I think you mean by analogy but if a measuring device were just ten percent off the more measures made the greater the cumulative error.
So a survey of my property with a ten percent at each measure would be wrong, the boundaries with my neighbors would be wrong, my tax bill would be wrong, a measure of my net worth be wrong. And I wouldn't know by how much.
But if it were a simple matter of correcting the error it could be done. However it must be known that was error and how much and how to rescale it.
In selling some property I discovered I owned five acres of land that does not exist. Why? No one knows and no one knows how to go back and correct it.
If an “out of Africa 200'000 years ago” story is based upon genetic dating and the genetic dating method is unreliable what happens to the story?
Consider what the conclusions about the electron would be if the measurement of its charge were 200 or 400 percent in error. Or if the means of measuring charge were incapable of really measuring charge at all.
Define unreliable. Suppose it was 400,000 years ago, or 150,000 years ago, does that change the story?
First, there are other methods of dating things a lot of the time, so the scale is not entirely arbitrary, but does have bounds. Second, does the inaccuracy affect your understanding of the relative sequencing of populating various parts of the world?
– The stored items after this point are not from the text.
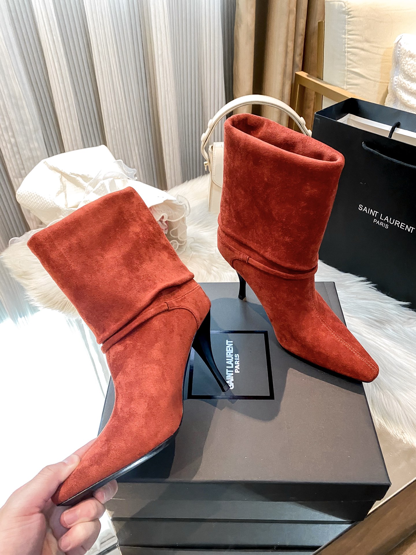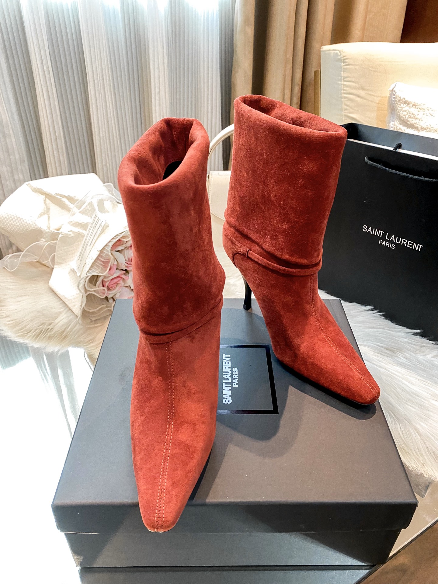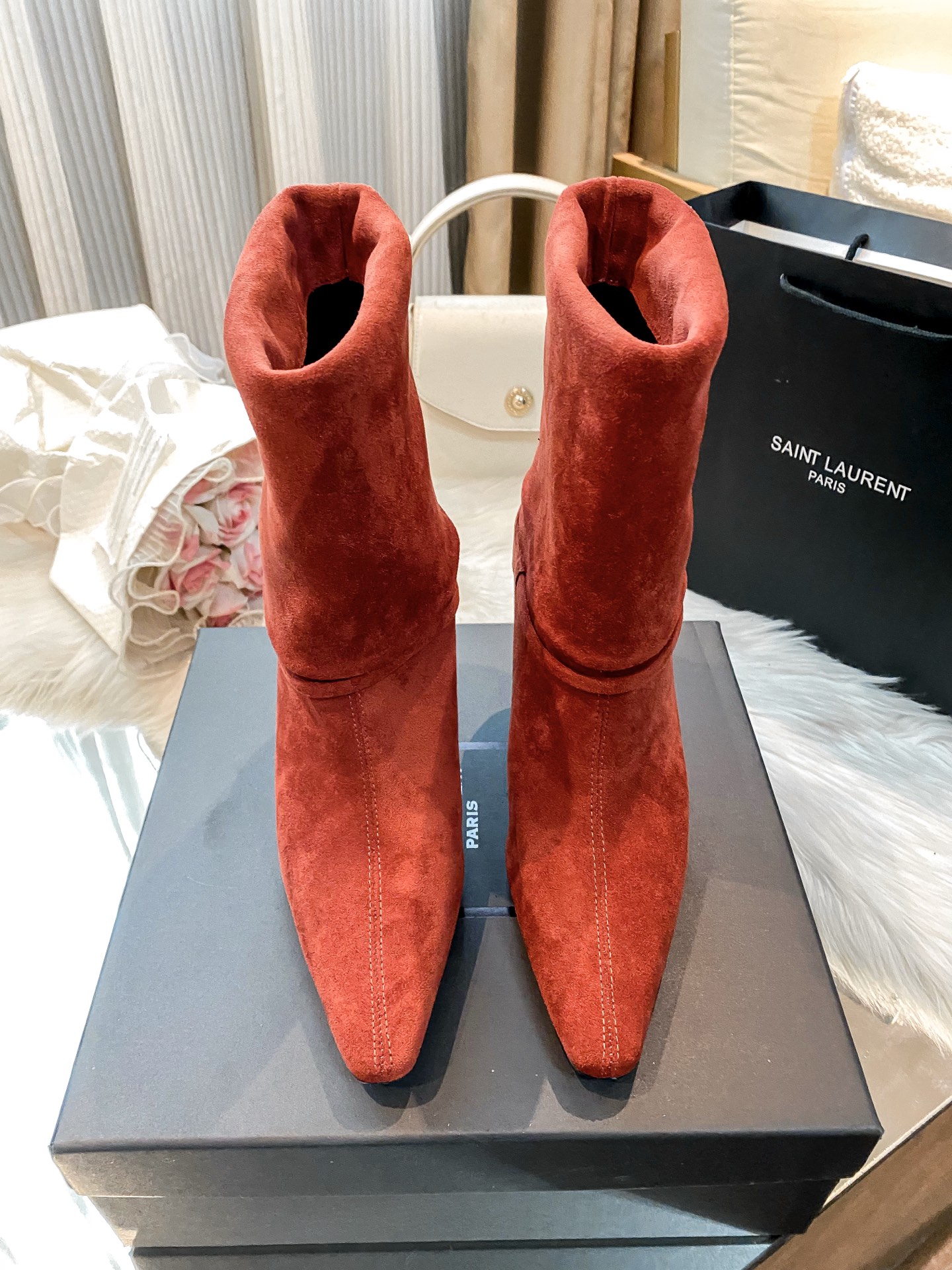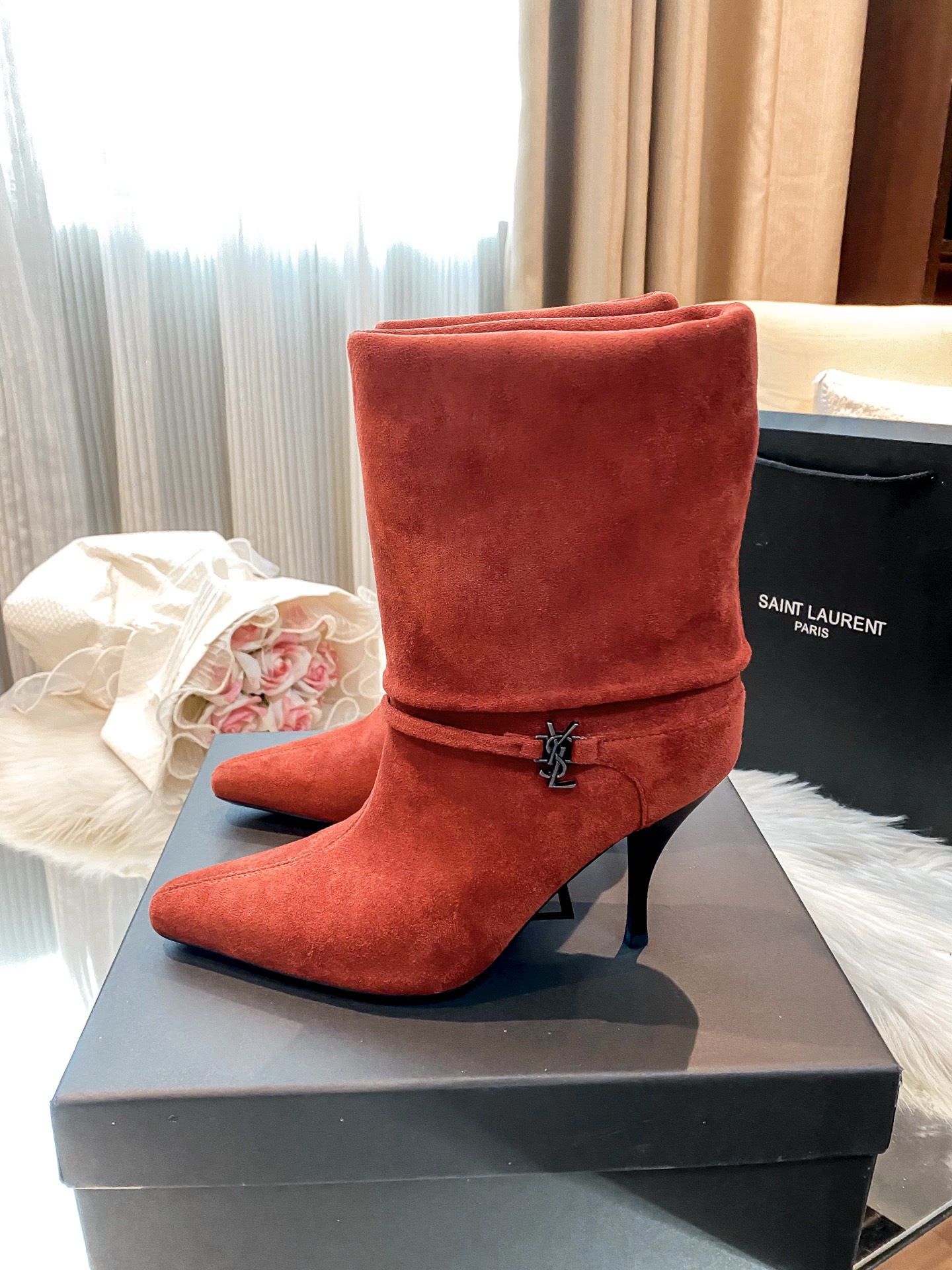 Tags: Designer Heel Boots, Pointed Toe Booties, Red Suede Boots, Suede Ankle Boots, Women's Fashion Boots, Yves Saint Laurent Boots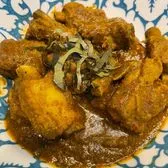 Thai southern style curry with turmeric (cooked without coconut milk) shredded kaffir lime leaves, thai basil and Jalapeño.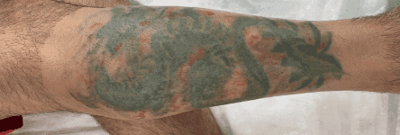 I am absolutely enchanted with the work that Lelo did on my leg tattoo. After my original design had already been covered twice by other people, I now have an absolutely coherent work of art perfectly etched into my skin, which corresponds exactly to my ideas. I am more than happy!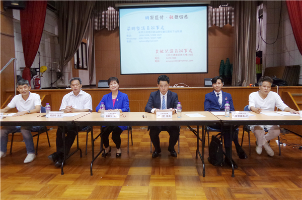 元朗區議會議員與當區居民一起座談,討論交通問題。左起:林添福、程振明、袁敏兒、梁明堅、沈豪傑、梁福元。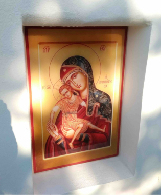 Икона-витраж Киккской Богородицы украсит нишу, которая расположена справа от входных дверей в церковь, а витраж Креста разместится над входными дверями в храм.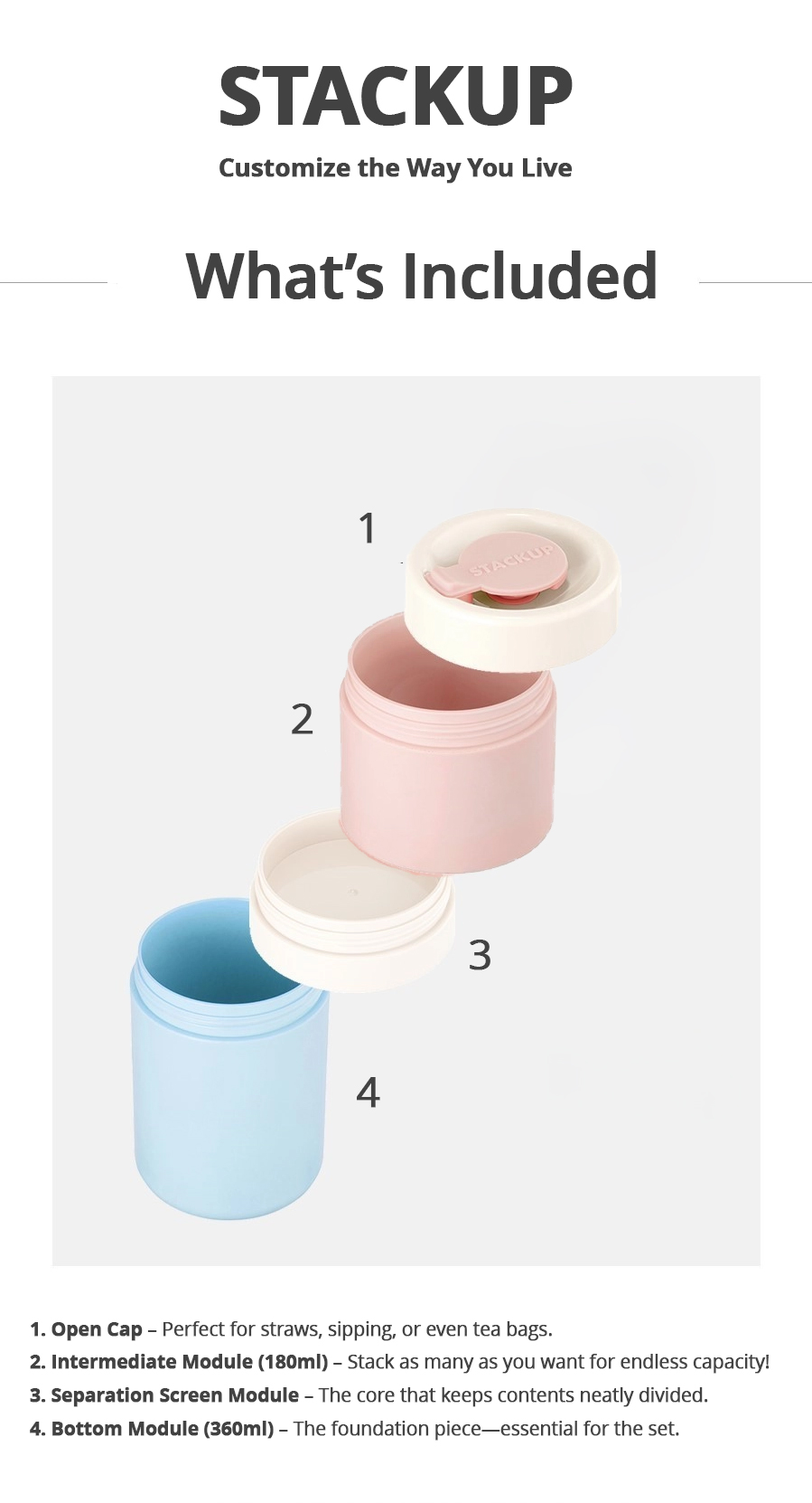- Easy-to-clean modular design: The modular design of the STACKUP tumbler allows for easy cleaning and maintenance. The individual modules can be separated and washed separately, making it simpler to keep the container clean and hygienic.

More to the point, however, refining these temporal scales does nothing to refute the underlying premise of evolutionary theory, namely random genetic variation and selection by fitness for the environment. I think almost any biologist is open to dispensing with almost anything else if compelling data that leads to a contradictory conclusion is presented AND it is shown that other contradictory data is invalid. [mere clashes of data are simply an invitation for further research to settle the issue]
I picked the story of the electron because it is real, and it took a significant amount of experimental work by a significant number of researchers to refine techniques to the point where measurements were reasonably repeatable and reasonably in agreement. At no point did a discovery of measurements errors (which started off being fairly substantial) "disprove" the hypothesis of a universal quantized charge for the electron.